Give back every line of the material exactly. Skip the pictures.

### DATA
● ● ●

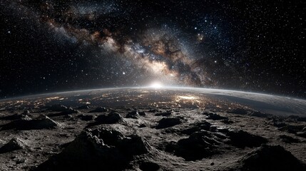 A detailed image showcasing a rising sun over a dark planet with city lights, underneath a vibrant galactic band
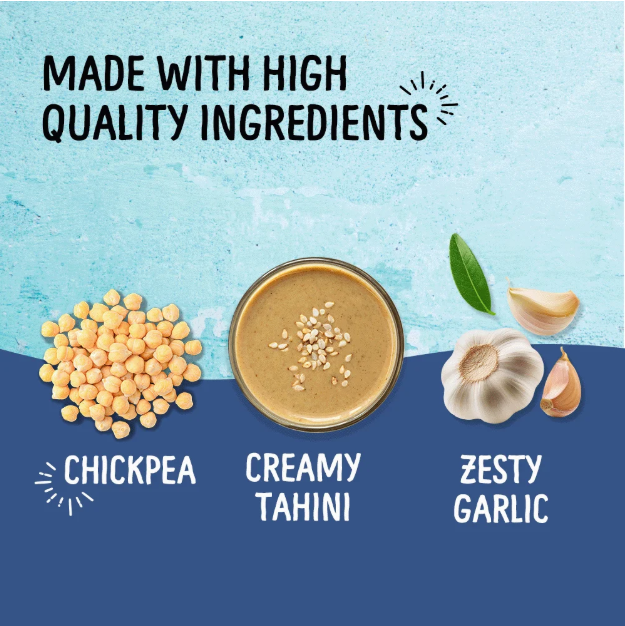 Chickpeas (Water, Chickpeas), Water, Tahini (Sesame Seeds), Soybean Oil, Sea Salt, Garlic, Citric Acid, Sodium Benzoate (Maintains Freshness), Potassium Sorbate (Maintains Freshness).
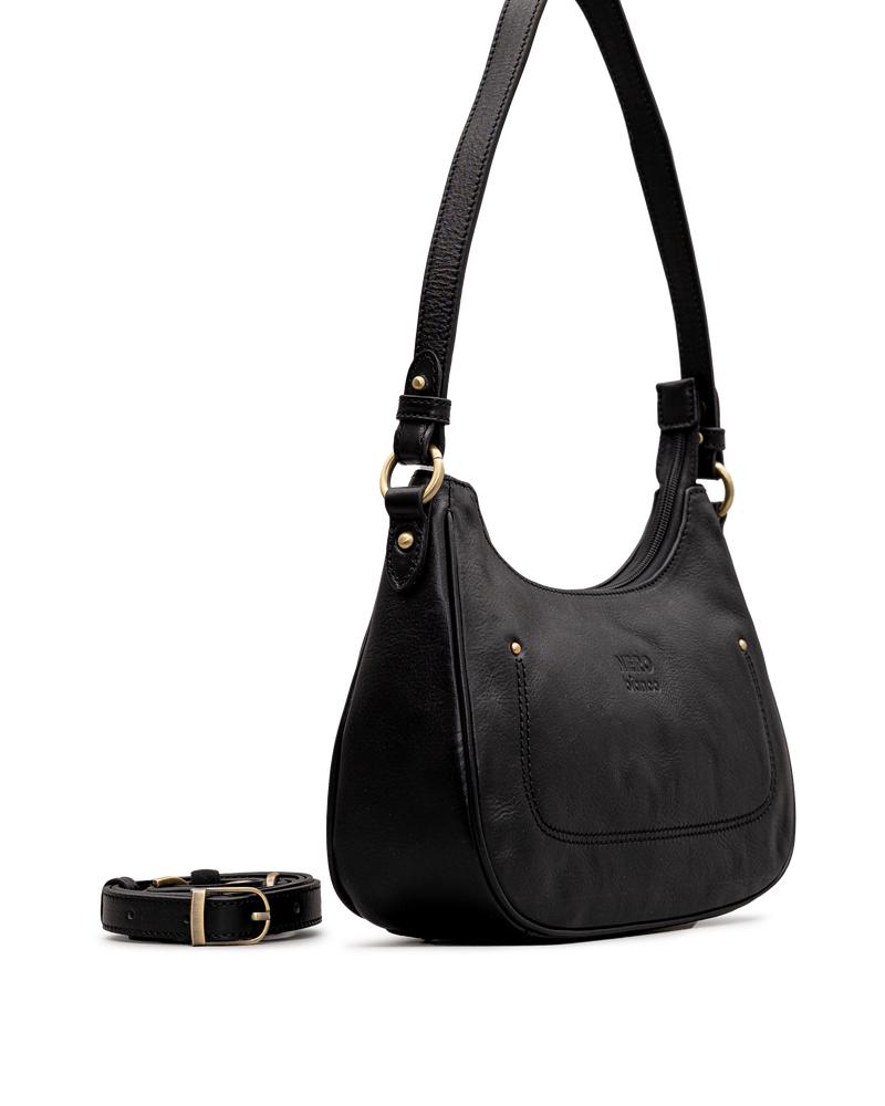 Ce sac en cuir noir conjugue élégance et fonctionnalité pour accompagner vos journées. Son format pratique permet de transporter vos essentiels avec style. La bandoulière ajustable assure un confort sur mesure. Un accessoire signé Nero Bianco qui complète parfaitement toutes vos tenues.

● ● ●

### EXERCISE ANSWER
 A detailed image showcasing a rising sun over a dark planet with city lights, underneath a vibrant galactic band
 Chickpeas (Water, Chickpeas), Water, Tahini (Sesame Seeds), Soybean Oil, Sea Salt, Garlic, Citric Acid, Sodium Benzoate (Maintains Freshness), Potassium Sorbate (Maintains Freshness).
 Ce sac en cuir noir conjugue élégance et fonctionnalité pour accompagner vos journées. Son format pratique permet de transporter vos essentiels avec style. La bandoulière ajustable assure un confort sur mesure. Un accessoire signé Nero Bianco qui complète parfaitement toutes vos tenues.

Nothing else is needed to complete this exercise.